10 かつての憧れ
「……もう我慢ならん! ちょいとキミ!」
「はて、何の御用でしょうか?」
あれから数えて……ああ、二十七ちょうどだろう。
少し疲れた表情をした美人さんな冒険者が俺に話しかけてきた。
これまでギルドに来た時も散々話しかけられたり因縁をつけられたりオタサーの姫、もとい冒険者ギルドの王子扱いされたりしてきたわけだが……この人はそれに当てはまらないと思っていたんだがな。
この王都近郊のベッドタウンにある冒険者ギルド、ここには優秀な冒険者が比較的多く集まっている。
とはいえ、冒険者なんてやっているので当然気性は荒い。
前世でもアスリートは性欲が強いというのは割と周知の事実だったのではないだろうか?
それに少し近いのかも知れない。
この世界では特定の伴侶がいるような女性はまず浮気はしない。
相手に愛想を尽かされるのは嫌なのだろう。そもそも、その相手がいかなクソ男でもどっぷりと浸かって夢中になるのがこの世界では当たり前に近い。
だが、相手がいない……とりわけ、経験すら持たない女性はこうやって気を引こうとしてくるわけだ。

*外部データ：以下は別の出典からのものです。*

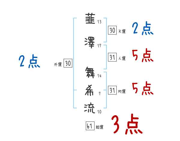 天運![]() | 韮澤舞希流さんの天運は30画の2つ星!浮き沈みの激しさに注意しましょう。 家系が持つ宿命的な運勢を表します。祖先から受け継いだ苗字ですので自分の力が及びません。家柄を象徴します。 |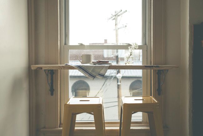 Amenajarea unei masute in dreptul ferestrei este ideala pentru persoanele care locuiesc singure sau pentru cuplurile care nu prea au timp sa ia masa deseori acasa.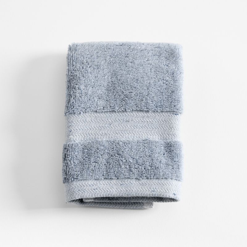 The blue tones and flecked detail of our luxurious washcloth come from tiny bits of contrasting color twisted into the Turkish cotton fiber as it's spun into yarn. At 550 grams, the towel has a lighter hand than our other Turkish towels with the same exceptional absorbency and durability. An intricate herringbone dobby weave border on either end adds a bit of textured detail. Washing will only make this exceptional textile more absorbent and soft.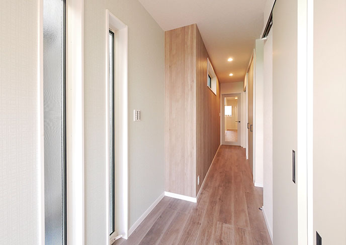 ❼リビングに向けての廊下にもワイドな収納を確保。場所をとるアウターや防寒具を玄関近くに収納。

特に、完全に女社会であるこの世界に、わざわざ入ってくるような男は食い物にされるのがオチだろう。
だが、この人は……昔の俺が憧れていた人でもあった。
十年ほど前のU18の世界武芸比興、ようするに高校生までの戦士たちが団体戦を以て世界最強の座を競う大会にて主将を務めていたのだ。
決勝の相手。最強の大国『アルジエート』との戦いにおいて、味方たちがみんな先鋒の少女にごぼう抜きされてゆく中、満身創痍になりながらもたった一人で五人抜きを達成し世界一の栄冠を齎したあの感動は忘れられない。
その後、冒険者として活躍を重ねつつも、控えめに言って『思っていたほどではない』程度に落ちぶれながらも他の冒険者たちの良い見本としてやっていたはずだ。
……噂など当てにならんか。いや、今まで絡んでくることもなかったし、そういう輩を一喝して止めたりもしていたんだがな。
彼女も人、そこらはコントロールできんか。
「……あの大会のインタビューにて、憧れの戦士として私を挙げてくれていたじゃないか! なのになぜ、こうも話しかけてこないのだ! 二人も女を侍らせて、聞けばあのご令嬢とも噂が立っていると聞く! それなのに……私では駄目なのか?」
少しだけお酒臭い口から馬鹿みたいな言葉がズンズンと進み出てくる。
……ああ、この人結構駄目な人だった。
アレは目標にしたい冒険者などいなかったから、とりあえず貴女を憧れとして挙げただけなのだがな。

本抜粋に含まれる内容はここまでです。